Kelly's reasons to be cheerful

Lecturers' union Natfhe is to seek an urgent meeting with Ruth Kelly, the new Education Secretary, to sort out what it calls "a funding crisis" in further education.

Barry Lovejoy, the union's head of colleges, said the top priority for Ms Kelly as she settles into her new job must be "to get to grips with the financial issues in FE".

He added: "We hope she will use her skills as an economist to deal with the looming financial crisis."

He said the pay deal for college staff is based on funding promised under Success For All, the strategy drawn up for the post-16 sector by Charles Clarke, her predecessor.

"Now we are told funding doesn't match up to expectations," he added. "As a result, less than 10 per cent of colleges implemented the pay deal this year. And all the signs are that we are heading towards a crisis next year."

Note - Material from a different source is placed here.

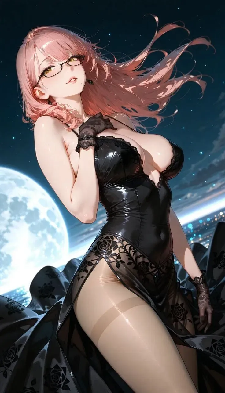 Her pastel pink hair cascades down her back in loose waves that catch the light. Her amethyst eyes scan the room with a confidence that makes my throat go dry. She's wearing a black corset-style bodysuit with intricate lace details that leave little to the imagination, paired with thigh-high stockings and lace gloves that cover the wrists I once saw her nervously pick at during class.

Ms Kelly was appointed in last week's Cabinet reshuffle which followed the resignation of David Blunkett from the Home Office. He was replaced by Mr Clarke.

An Oxford economics graduate, Ms Kelly was previously Cabinet Office minister after spending three years at the Treasury.

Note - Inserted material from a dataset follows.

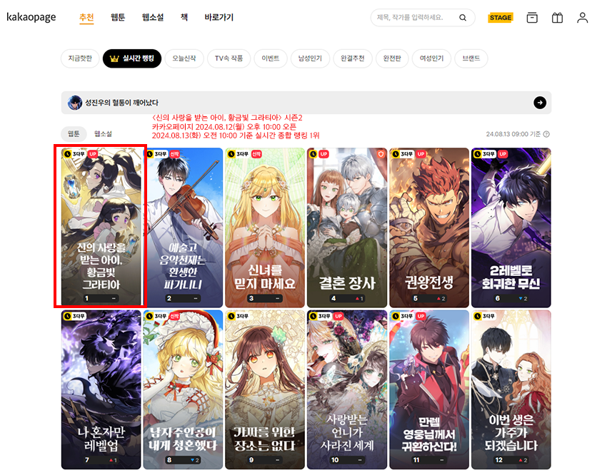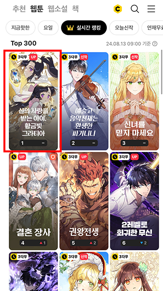 웹툰웹툰 <신의 사랑을 받는 아이, 황금빛 그라티아> 시즌2 종합 랭킹 1위

The Association for College Management said it hoped she would use her Treasury connections to help the post-16 sector.

Nadine Cartner, the association's head of policy, said: "The fact that she is in with the Treasury and well thought of by Chancellor Gordon Brown is good for us. We look forward to having a productive relationship with her."

The Association of Colleges said "threats to limit access to learning for aspiring young people and working women should be top of the new Education Secretary's in-tray". John Brennan, AoC chief executive, said: "We hope she will look again at funding plans which threaten access to learning for millions of adults. Women will be hit especially hard, forming as they do six in 10 of our adult students."

Alan Tuckett, director of the National Institute of Adult Continuing Education, said: "There are reasons for us to be cheerful about Ruth Kelly as Education Secretary. She has first-hand experience of the range of issues that family learning programmes throw up.

"She has played an active role in stimulating financial literacy which is of concern to older people."